NES memory from $8000-$FFFF is where the game's PRG-ROM code is mapped. Whenever you type in a value in the NES memory editor, it effectively writes that value to that address. Many games use mappers, which are usually accessed by writing to $8000-$FFFF (which is read-only)... and if *you* were to do so, it may trigger a bankswitch, which could easily make the game crash. In any event, doing so will not modify the ROM itself. What you *can* do, though, is edit the PRG-ROM itself by right-clicking on the offset you wish to edit, and selecting "Go here in the ROM file", which should take you to that spot in the ROM instead, where you can change the data at instead.

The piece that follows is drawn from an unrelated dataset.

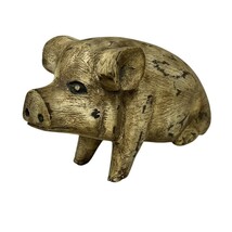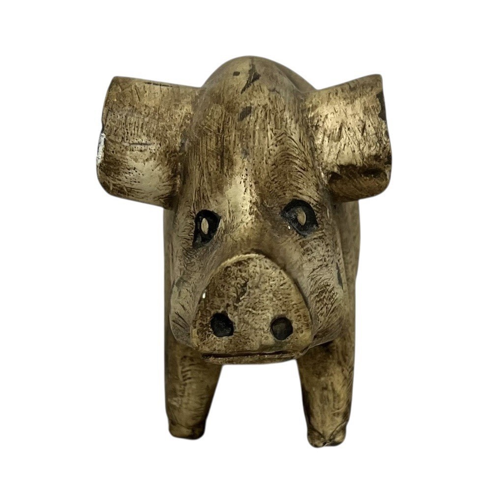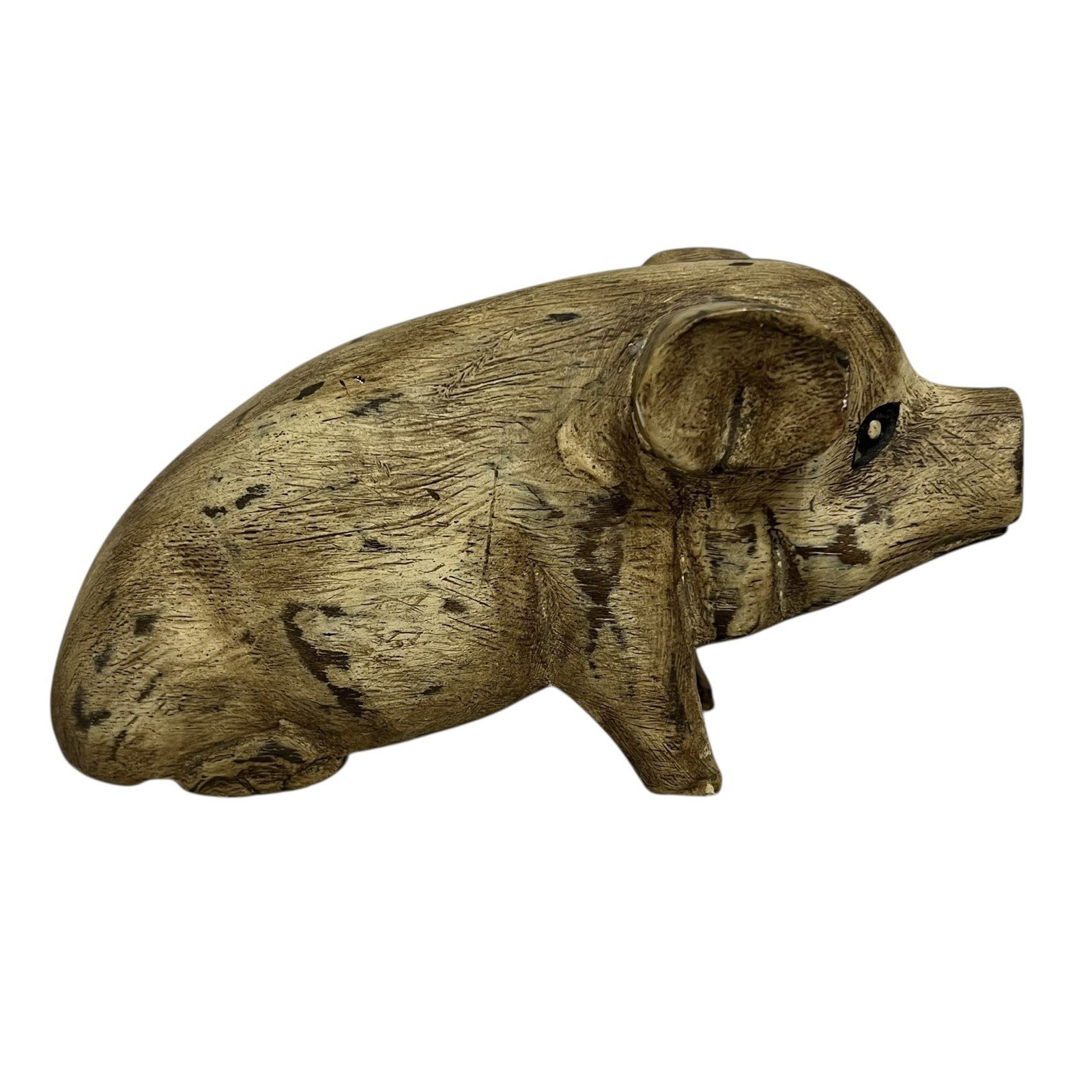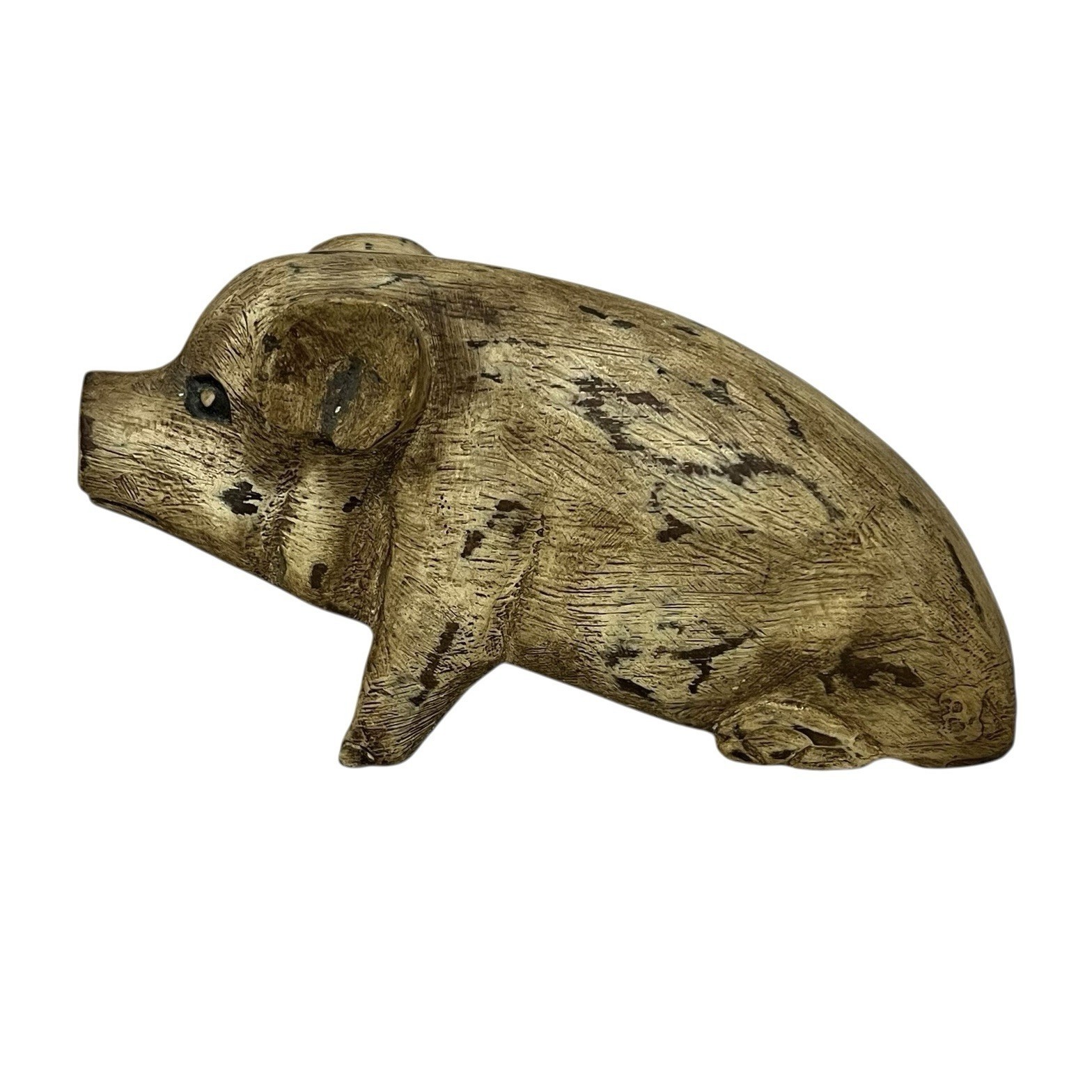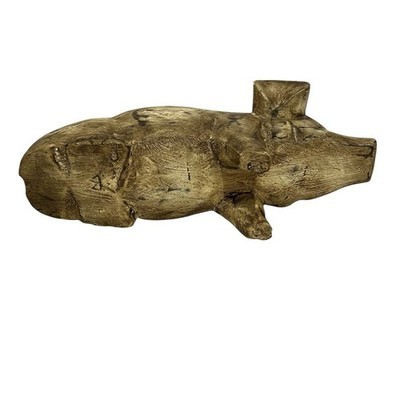 Charming vintage pig figurine with a rustic hand-carved appearance. Although it looks like wood, this piece is actually made from ceramic, giving it a durable, lightweight feel. Features hand-painted details and a natural, distressed finish that adds farmhouse character and warmth.

The Hex Editor highlights certain bytes with different colors to help you distinguish different data.
Usually all bytes are colored black.
Bookmarked RAM addresses are highlighted by green color.
Freezed RAM addresses are highlighted by blue color.
Modified ROM bytes are highlighted by red color.
If you have the Code/Data Logger running, bytes that were logged will be colored:
For PRG ROM segment:
Dark-yellow - the byte is code
Blue - the byte is data
Cyan - the byte is PCM audio data
Green - the byte is both code and data
For CHR ROM segment:
Yellow - the byte was rendered
Light-blue - the byte was read programmatically
Light-green - the byte was both rendered and read programmatically
This feature of the Hex Editor can draw your attention to bytes that changed their value since the last frame, or since the last update of Hex Editor window (if "Fade when paused" option is enabled).
If you don't need this feature, you can switch it off in the "Highlighting" submenu.
You can customize this feature by changing "fading period".
IMPORTANT NOTE: this feature does not track the actual changes of RAM. It works by simply comparing current values to previously displayed values of the same addresses. That's why the feature works with RAM/PPU/OAM/ROM as well.